And “sorry but tough shit” condolences for the multi-category-nominated Never Rarely Sometimes Always (seven noms including Best feature and Best Director), Ma Rainey’s Black Bottom, Miss Juneteenth, First Cow and The Assistant. Each of these films had gathered a certain amount of earlybird award-season heat, and then it all just melted away.
Why did Never Rarely vaporize so completely? I’ll tell you why. Because it’s an Indiewire movie — an understated, praised-to-the-heavens, Eric Kohn and David Ehrlich-approved Sundance flick, except even indie-world veterans don’t necessarily park their cars in the Ehrlich-Kohn garage.
Same deal with First Cow…totally stamped and sanctified by Kohn-Ehrlich, and where is it now? I’m telling you that Kohn-Ehrlich is an entirely separate planet…an entirely different solar system.
2020 “friendo” comment about Never Rarely: “Sidney Flanigan‘s profound ambivalence about what she’s about to go through, her deep desire not to do it, because there is in fact a live human in there…this element is literally the only drama in the film. That’s what’s so hilarious about the woke film-critic-industrial-annoyance-complex not getting it. What do they think the movie is about? If their left-wing boilerplate interpretation were accurate, it might as well be a movie about two teenagers hopping a bus to go to New York City to pay $500 in unpaid parking tickets.”
Best Feature: Nomadland (Searchlight Pictures) / HE reaction: No shit?
Best Director: Chloé Zhao, Nomadland (Searchlight Pictures) / HE reaction: Ditto.
Best Screenplay: Emerald Fennell, Promising Young Woman (Focus Features) / HE reaction: Respectfully disapproved because of the last-minute, pull-the-rug-out Bo Burnham character abandonment by way of a twist.
Best First Feature: Sound of Metal (Darius Marder, Amazon Studios) / HE reaction: Total approval.
Best First Screenplay: Andy Siara, Palm Springs (Neon/Hulu) / HE reaction: Are they fucking kidding us? Am unsubtle, unfunny, second-rate, hand-me-down Groundhog Day?
John Cassavetes Award (for best feature made under $500,000): Residue / Writer/Director: Merawi Gerima.
Best Supporting Female: Yuh-Jung Youn, Minari (A24) / HE reaction: Plucky grandma burns the barn down…terrific.
Gold Derby‘s Tom O’Neill, Indiewire‘s Anne Thompson, Variety‘s Tim Gray and Deadline‘s Pete Hammond deliver their final Oscar predictions. Nobody cares, nobody wants to care, it’s an asterisk year, a shoulder-shrugger, smallest all-time audience, etc.
Significant quotes: (a) “There are so many reasons why Nomadland is secure, and Chicago 7 is not…I think it’s possible that The Trial of the Chicago 7 could go down winning nothing, or only one Oscar for Best Editing”; (b) “Vanessa Kirkby isn’t in the running…I would also suggest that Andra Day isn’t either…I completely discount the Globes”; (c) “We’ve heard that in Academy polling Viola Davis and Andra Day are tied, and could therefore be splitting the vote”; (d) “Moods change, time passes…a month ago I would’ve predicted Carey Mulligan winning [the Best Actress Oscar]… but that momentum is gone…the heat is off her.”

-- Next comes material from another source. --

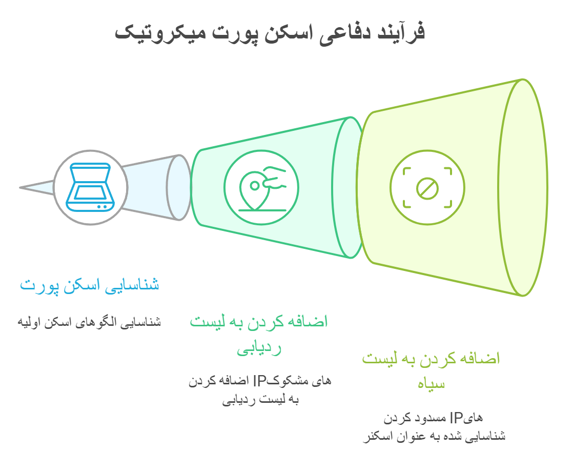 🔹 مکانیزم دفاعی میکروتیک در برابر Port Scanner (معماری سطح‌بندی شده)

HE comment about Viola Davis possibly winning: Her performance is a fatsuit lipsynch exercise…it simply isn’t good enough…it’s all bluster and “don’t fuck with me”…If she wins (which appears likely) everyone knows Chadwick Boseman will win Best Actor, and that Ma Rainey will probably win for Best Costume and Makeup. Perhaps some will rationalize that it’s better to spread it around and give the Oscar to someone other than Viola.
In a 4.22 Kim Masters piece for the Hollywood Reporter titled “Why Some Hollywood Execs Are Hoping for Scott Rudin to Return,” “reps and executives” who have worked with Rudin offer four arguments or rationalizations in favor of not ripping his stripes off.
Here they are with HE commentary following each one:
(a) “I’m not condoning the behavior, but it’s hardly news that Rudin is a horrendous bully and if you worked for him, it’s on you.”
HE response: Honestly? He/she is right. Nobody looking to work for Rudin could possibly do so blind — everyone knows what his reputation is, and Rudin would never hire anyone dumb enough (or babe-in-the-woods enough) not to know.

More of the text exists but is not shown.